捕食ないし寄生、あるいは過剰防衛による攻撃者などもそう呼んで構わないだろう。

言葉の正しい意味を探るのは難しいのでそこら辺は適当だ。



天敵はなぜ天に敵と書くのだろうか。

天から現れる敵ということであるならば、今回のことは実に天敵たりうる事態だ。



10日程前から実家に帰省している。

一昨日は母の検査で県の大学付属病院まで行く用事があり、私もそれに便乗することになっていた。
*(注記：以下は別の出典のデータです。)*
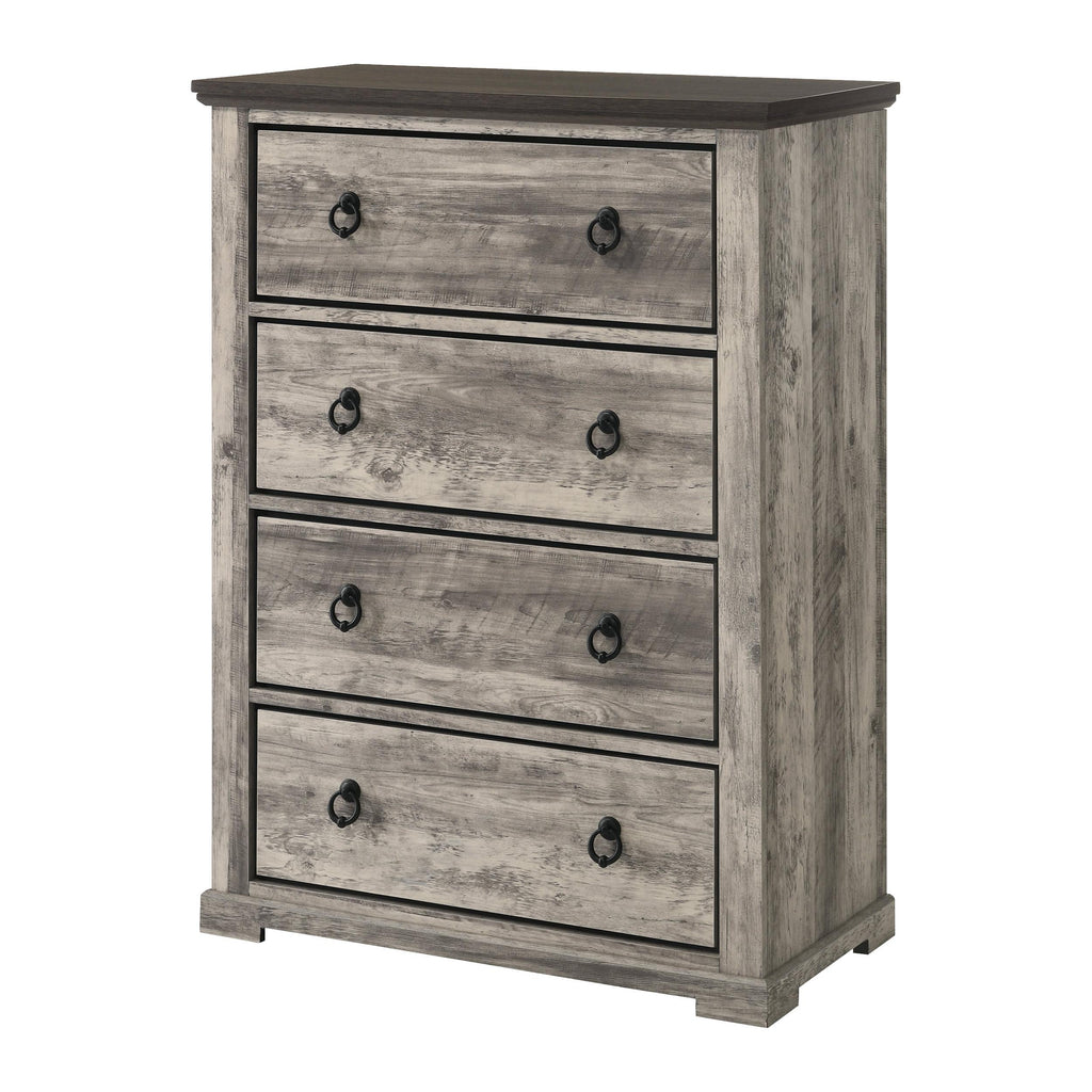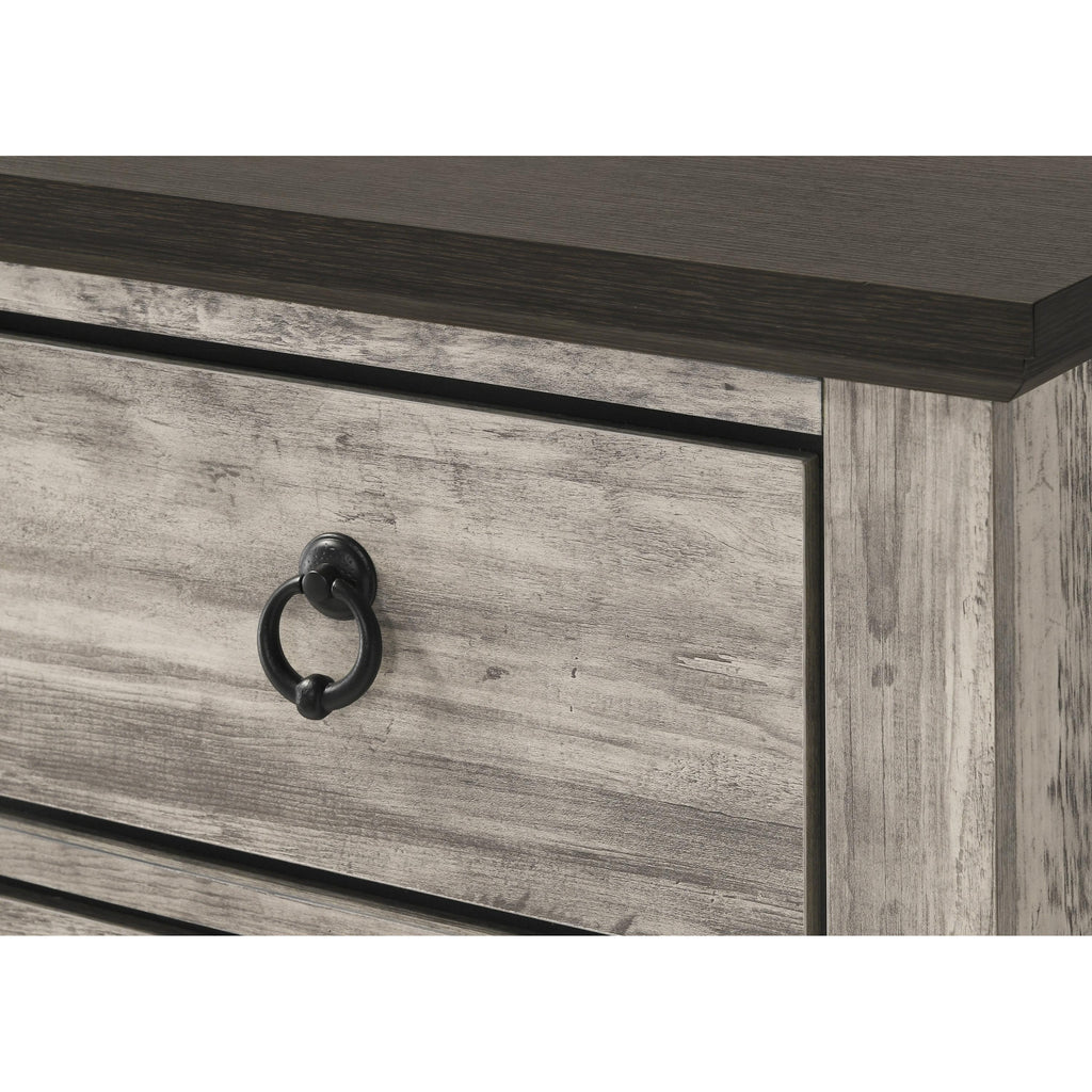 The Ella Mae Chest from Crown Mark will surely make a statement in your bedroom. It features five drawers with ring pulls, and comes in a distressed beige finish with a brown top.
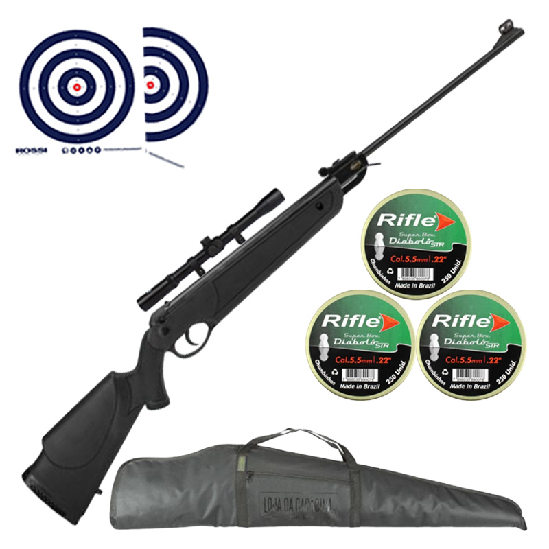 Combo completo! Contém Luneta 4x20 Thunder Outdoors para melhorar seu desempenho de precisão, Capa Universal Loja Da Carabina para armazenar sua carabina com mais segurança, Chumbinhos Rifle Diabolo para municiar sua arma e Alvos de Treino Rossi.

午前11時半過ぎに家を出て車庫まで歩いていたのだが、途中の建物の側で少しだけぼけっと立ち止まっていた。

すると目の前を一瞬小さな黒い陰が通り過ぎた。

その時である、頭に激痛が走った。

わけが分からないまま「いててててて」と地面にへたり込む。

それに気づいた母がわめきながら私の頭めがけて鞄を振り落とした。



キイロスズメバチだ。

あまりの衝撃的な痛さに体がびっくりしたのか涙が止まらない。

頭を剣山で殴られたあとぐりぐり押し付けられているかのような凄まじい痛さである。

それでいて皮膚をこれでもかというくらいに引っ張られているような頭皮の突っ張り感。

もうなにがなんだか。



父は「そんなもん大丈夫やわい」と言うし、近くの寺の和尚さんは「それは痛いわ」と言いながら笑っている。

凄く遠い場所から声をかけられているような気分だ。



頭が朦朧とし耳や首まで麻痺してきた時にはさすがにこれはまずいと思った。

アナフィラキシーショックという言葉が頭をよぎる。

症状が現れると最悪の場合死に至ることもあるという。



しかし周りの楽天的な大人に後押しされる形で都市部行きの車に乗ってしまった。

車に乗っている間も頭を動かすことができない。

あぁ自然界はなんて理不尽なんだと頭の中で文句を垂れる。

キイロスズメバチは私の長い黒髪を何かと勘違いしたのだろう。



40分後、いろんな不安をよそにだんだん頭の痛みが和らいできた。

あれ、なんか大丈夫かも。

不謹慎だけど少し残念な気もした。

その後は頭痛くらいの痛みが夜まで続いた。

楽天的と思われた大人達には長い田舎暮らしで積んだ経験と根拠があるのだな。



キイロスズメバチからすれば天敵から身を守るための防衛行動だったのだ。

私は一日の痛みと数日の腫れに耐えるだけですむけれど、巣を守ろうとしたキイロスズメバチは鞄の一撃で死んでしまった。

今まではキイロスズメバチを見ても何も思わなかったが、これからは頭だけは隠そうと思う。

共生するためには相手への配慮も大切なのかもしれない。

次はアナフィラキシーの恐れがあるからそんな悠長なことも言えないだろうけどね。